Paul Gilding breaks our Great Disruption into three stages. The first he names The Scream, partly because of the shrill tone sounded by environmentalists and whole-planet-systems theorists, and partly in honor of Edvard Munch’s portrait,  Der Schrei der Natur (The ScreamThe_Scream of Nature).

Paul places the beginning of THE SCREAM period in the late 1950s, solidified by Rachel Carson’s book, Silent Spring, in 1962. It runs through today, and will end with THE CRASH, which Paul expects to arrive shortly.

I found myself surprised that Paul named our current period The Scream, and then surprised that I was surprised. An interesting ambiguity.
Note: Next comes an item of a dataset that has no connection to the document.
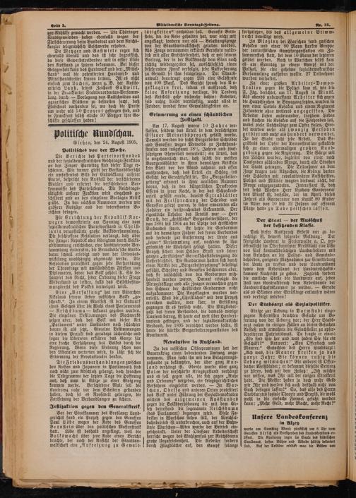 In den russischen Ostseeprovinzen hat der Bauernkrieg einen bedeutenden Umfang ange⸗ nommen. Man sucht ihn mit dem Belagerungs⸗ zustande zu bekämpfen, der über ganz Ku r⸗ land verhängt ist. Ebenso wurde über ganz Polen der verschärfte Kriegszustand verhängt und es soll gegen alle, die sich gegen„Ruhe und Ordnung“ vergehen, ein kriegsgerichtliches Verfahren eingeleitet werden.— In War⸗ schau, Odessa und anderen Orten protestiert das Volk unter Führung der Sozialdemokraten mittels des allgemeinen Ausstandes gegen die Volksverhöhnung die mit dem Ge⸗ setz betreffend die sogenannte Reichsduma (das Parlament) begangen wird. Viele Fa⸗ briken in Warschau stehen still, der Weichsel⸗ bahnbetrieb ist unterbrochen, auch auf der Bahn⸗ linie Warschau— Wien wurde der Betrieb ein⸗ geschränkt. Unter der Odessaer Arbeiterschaft herrscht wegen des Wahlzensus zur Reichsduma große Unzufriedenheit. Die Arbeiter fordern durch Flugblätter auf, den Kampf solange

Revealing, I think.

I ask myself, “Richard, don’t you think ‘The Scream’ is an apt name for this period? Haven’t you been in a state of terror?”

Yes,
No…
Dissociation!

It’s a regular part of the human experience that in dreadful moments, like being abused as a child –but at many other times as well– we separate off a part of ourselves. We dis-associate our regular lives, where we are happy to see old acquaintances and other ordinary events, from the traumatic experience.

Yes, I was alarmed when first really got the significance of

And that alarm deepened to a state of panic on each occasion, when I

  • went to hearings
  • teach-ins
  • wrote letters to the authorities
  • went to demonstrations
  • published my newsletter
  • watched huge mobilizations I was not a part of

and nothing happened. Not really. Nothing happened that seemed anywhere commensurate with the seriousness of the situation.

  • Was it me? Was I being “hysterical?”
  • Was it “them?” Were my most paranoid acquaintances right: the world is run by rich and violent men who control all aspects of our lives, and hide that truth from us?
  • Were the demonstrations I participated in “allowed” because they were ineffective?
  • How could I really be effective?
  • Would I become a target if I was?

Does “The Scream” apply to me, and those I worked with? Yes.
Does it apply to my sister, who never did any of these things, but followed my life from the relatively safe vantage point of small-town mom?
Well, we’d have to say her’s was a Silent Scream.
And looking back from now, my Scream seems silent too.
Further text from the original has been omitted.